Mice photographed from 60d-240d are the exact same pair. The TgI278T Cbs −/− animal in each pair is indicated by the arrow.

https://doi.org/10.1371/journal.pone.0027598.g002

TgI278T Cbs−/− mice have reduced fat mass compared to control mice

Dual energy X-ray absorptiometry (DEXA) analysis was performed on a subset of Tg-I278T Cbs−/− and control animals when they reached 240 days of age (8 months old). DEXA allows the quantitation of overall fat mass, lean mass, and bone density.

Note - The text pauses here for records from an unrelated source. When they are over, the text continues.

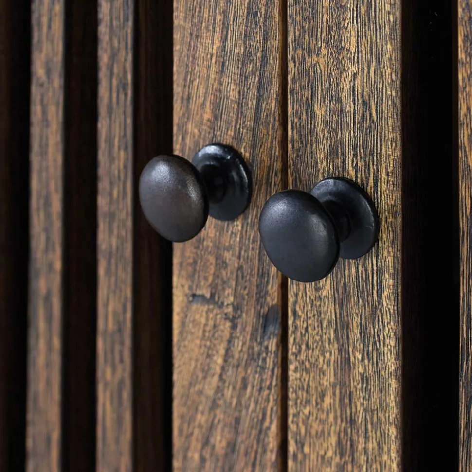 Der Schrank „Charin“ besticht nicht nur durch sein Design, sondern auch durch seine hochwertigen Materialien. Die massiven Akazienholzflächen bieten eine solide Basis und versprechen eine lange Lebensdauer. Akazienholz ist besonders widerstandsfähig und zeichnet sich durch eine wunderschöne, einzigartige Maserung aus, die jedem Möbelstück einen individuellen Charme verleiht. Das Metallgestell in Schwarz sorgt für zusätzliche Stabilität und setzt einen modernen Kontrast zu den warmen Holzflächen. Die runden Knopfgriffe aus schwarzem Metall unterstreichen das durchdachte Design und bieten eine komfortable Handhabung.
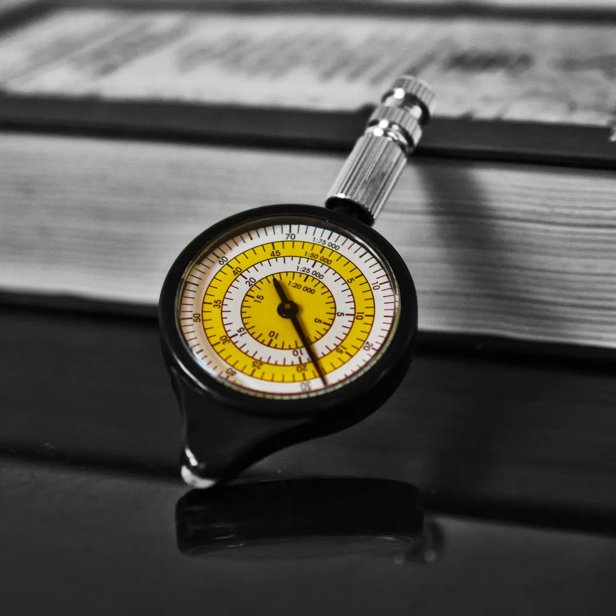 Курвиметр ручной армейский для карт. Курвиметр служит для измерения отрезков кривых и извилистых линий на топографических картах. Корпус курвиметра изготовлен из пластика. Ручка и измерительное колесико выполнены из стали. Прибор имеет две шкалы с подвижными стрелками. Одна шкала предназначена для карт масштабом 1:20000, 1:25000, 1:50000, 1:75000; другая - для измерения реального расстояния в километрах и милях. Чтобы измерить, для этого нужно взять прибор за ручку и провести валиком по линии, требующей измерения. На шкале диска отразится то количество делений, которые прошел валик. Не нужно пытаться измерить весь отрезок за один раз. Гораздо проще и удобнее сделать это в несколько этапов. Страна: Россия ГОСТ: Нет Опасный товар: Нет Сезонность: Всесезонный Вес: 60 грамм
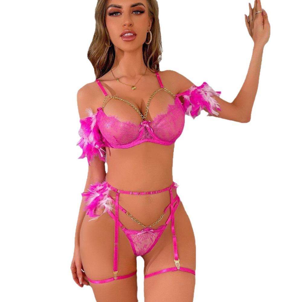 A Popular European and American Erotic Lingerie Set Featuring Feather Lace Patchwork Ankle Straps for a Sexy and Slimming Look

In both male and female Tg-I278T Cbs−/− mice there was an appreciable decrease in fat mass (Fig. 3A, regular water) and percentage body fat (Fig. 3C; regular water) as compared to control animals. In male mice the fat mass was decreased from 12.28±3.78 g to 4.68±0.41 g (P<0.001), while in female mice it showed the same trend decreasing from 7.96±5.25 g to 4.26±0.36 g, although the difference here was not statistically significant (P = 0.152). In contrast, the amount of lean mass in Tg-I278T Cbs−/− animals was only slightly affected (9% and 14% less in females and males respectively, see Fig. 3B; regular water). These findings indicate that most of the size difference between Tg-I278T Cbs−/− and control animals was due to difference in the animals fat mass.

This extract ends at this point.